How to shoot a Pistol

Ever wondered how to shoot a pistol? If you’re new to the handgun world or just want to make more accurate shots, this article will thoroughly go through the steps to correctly shoot your handgun, whatever shape, size or caliber you prefer.

Steps for Proper Shooting:

The most important components of shooting a pistol correctly are:

  1. Grip
  2. Sight Picture
  3. Trigger Pull
  4. Follow-up

Step 1: Grip

Grip is extremely crucial. Without a tight, correct grip, getting your rounds downrange where you want them will be very difficult.

Grip the pistol firmly but not too tight with your dominant hand. When you’re comfortable with where that hand is, bring your support hand (non-dominant hand) up to the grip of the gun.

Put all your fingers on the grip. The pointer finger of your dominant hand will pull the trigger when you’re ready for that (keep it out of the trigger guard until you’re ready to shoot) and your support hand pointer finger should be resting underneath the trigger guard.

As for your thumbs, both should be pointing the same direction as the muzzle of your firearm, your support hand thumb directly underneath your dominant hand thumb.

Grip tighter with your support hand than your dominant hand; this will help with keeping the gun straight during your trigger pull which we’ll talk about in a minute.

As you push the gun out towards your target, cinch your grip down a bit and lock your wrists out. This will aid in your follow up shots, allowing you to get the gun back on target more quickly.

Follow these steps and you will soon learn better how to shoot a pistol.

Step 2: Sight Picture

Aligning your sights properly is a big part of putting your round on target anywhere. This will help for learning how to shoot a pistol accurately at 25 yards and distances closer and farther.

Most handguns have a three dot setup for sights or something similar. There is one dot at the very front of the gun on the slide for semi-automatic handguns or on the barrel itself for revolvers and two closer to the back of the pistol.

With the three dot sights, put the front dot in between the two rear dots.

Neither the front or the rear should appear taller or shorter, but instead level with each other. You should be able to see the entire dot in the front directly in between the two rear dots.

Put the front sight, aligned in between the two rear sights, on your target. You should be able to see both the target and the front sight.

As you learn more about how to shoot a pistol correctly and become more experienced, you will find yourself being able to focus more on the target itself.

Keeping these sights aligned properly will allow you to hit targets while moving. The faster you can re-align your sights after taking a shot, the faster you will be able to take your next shot.

Step 3: Trigger Pull

A good trigger pull is more important in how to shoot a pistol than most people think. If you are pulling too forcefully or erratically, it will be very difficult to hit your intended target.

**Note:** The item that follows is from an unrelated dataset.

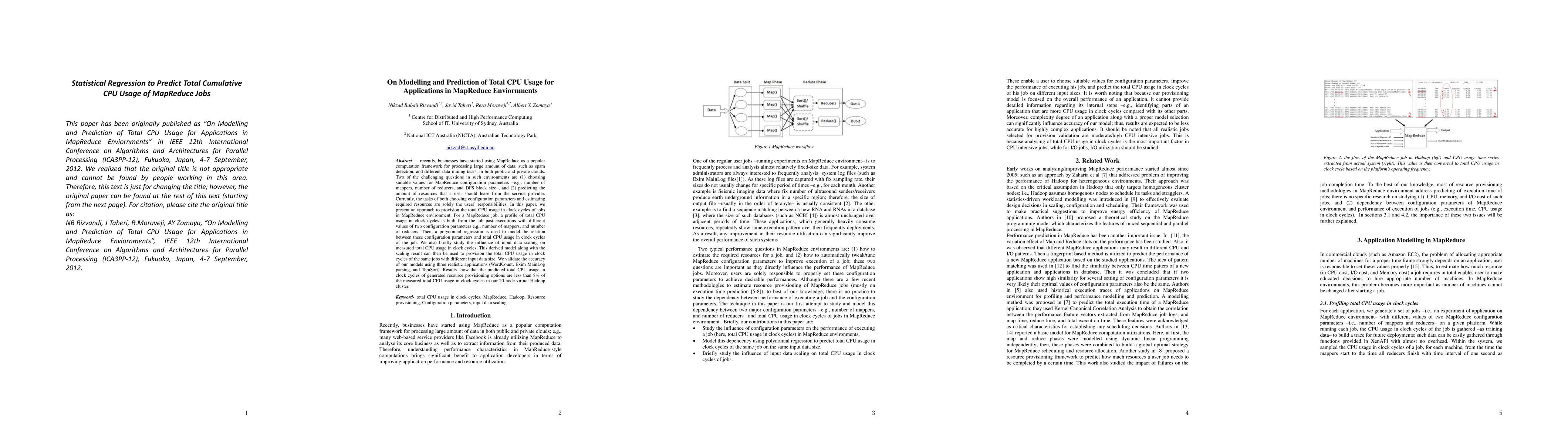 This paper proposes a statistical regression approach to predict the total cumulative CPU usage of MapReduce jobs based on configuration parameters and input data size. The authors use polynomial regression to model the relationship between parameters like the number of mappers and reducers, and CPU usage, validated by three applications with an error margin of less than 8% in a 20-node Hadoop cluster.
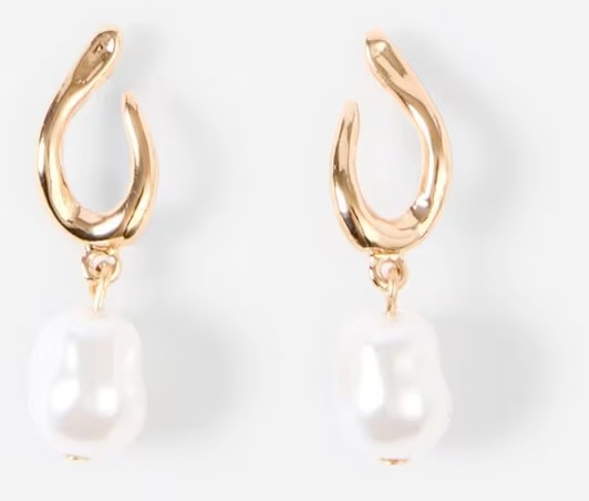 Loop and Faux Pearl Drop Earrings - Gold Tone

A smooth trigger pull will help you the most. This can be easier or more difficult depending on your weapon of choice, but the principle remains the same.

When your grip is strong and your sight picture looks good, pull the trigger towards you with the top portion of your pointer finger. Do your best to smoothly pull straight back towards you, not towards the side. Keeping the sights aligned during this process is crucial.

Avoid the tendency almost everyone has to anticipate when the shot will go off as this will cause you to flinch. There are drills to help with this such as the ball and dummy drill. This drill and others can assist you with how to shoot a pistol.

After pulling the trigger all the way to the rear and making your shot, you will begin your follow up for your next shot.

Step 4: Follow Up

Following up properly after a shot can speed up the time in between your shots and make you a more effective shooter. Your follow up consists of:

  •    Trigger reset
  •    Sight Re-Alignment

Trigger reset is different on different kinds of handguns, and as you learn how to shoot a pistol, you will learn about the different kinds of pistols and how each of these steps work for each one.

With most pistols, there is a tangible feeling of the trigger “resetting”. Sometimes this reset is audible as well.

The reset is important. You are letting your trigger finger forward again and if you don’t let it forward far enough, you won’t be able to shoot again. Letting it forward too far past the reset adds time to your next shot.

While learning how to shoot a pistol, let the trigger forward slowly after each shot. Do so slowly enough that you begin to feel where the reset is each time.

After you reach the reset point, don’t bring your finger forward any further. This is the point at which your trigger is ready for the next shot.

While doing this with your trigger finger, you are going to align your sights again, using the same directions as above. The recoil from the shot will have made your sights come off target.

Having your wrists locked out and the gun gripped tightly with your support hand will aid in keeping the felt recoil to a minimum so that you can get your sights picture back to where you want it again more quickly.

As soon as your sights are back where they should be and on target, you can shoot again.

Final Thoughts

Following the steps listed above will help you with how to shoot a pistol accurately and quickly.

Repeated practice of these steps, both on and off the range will make a huge difference in your handgun shooting.

You can even dry fire with these steps in your own home, something I do a couple nights a week to improve my aim and speed.